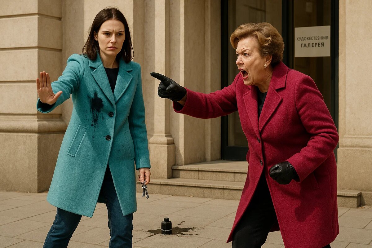 Виктория увернулась. Чернила разлетелись по её светлому пальто чёрными брызгами.
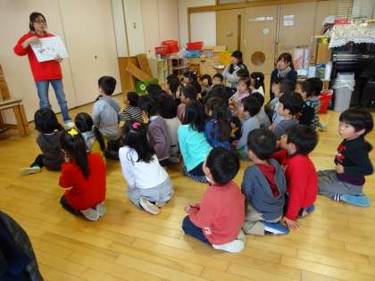 紙芝居で、なぜ、早寝早起きが良いのか、大きくなるためのヒミツを教えていただきました。
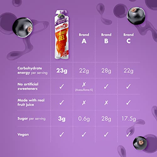 HIGH5 Energy Gels - Quick Release Sports Gels to Power Muscles for Top Performance - Natural Fruit Juice & Caffeine-Free - On The Go Energy Boost for Running, Cycling and More (Blackcurrant, 20 x 40g)

·····

WHAT YOU WILL DO: Repeat the material above exactly; any picture in it is left out.

SOLUTION TO THE PROBLEM:
 Виктория увернулась. Чернила разлетелись по её светлому пальто чёрными брызгами.
 紙芝居で、なぜ、早寝早起きが良いのか、大きくなるためのヒミツを教えていただきました。
 HIGH5 Energy Gels - Quick Release Sports Gels to Power Muscles for Top Performance - Natural Fruit Juice & Caffeine-Free - On The Go Energy Boost for Running, Cycling and More (Blackcurrant, 20 x 40g)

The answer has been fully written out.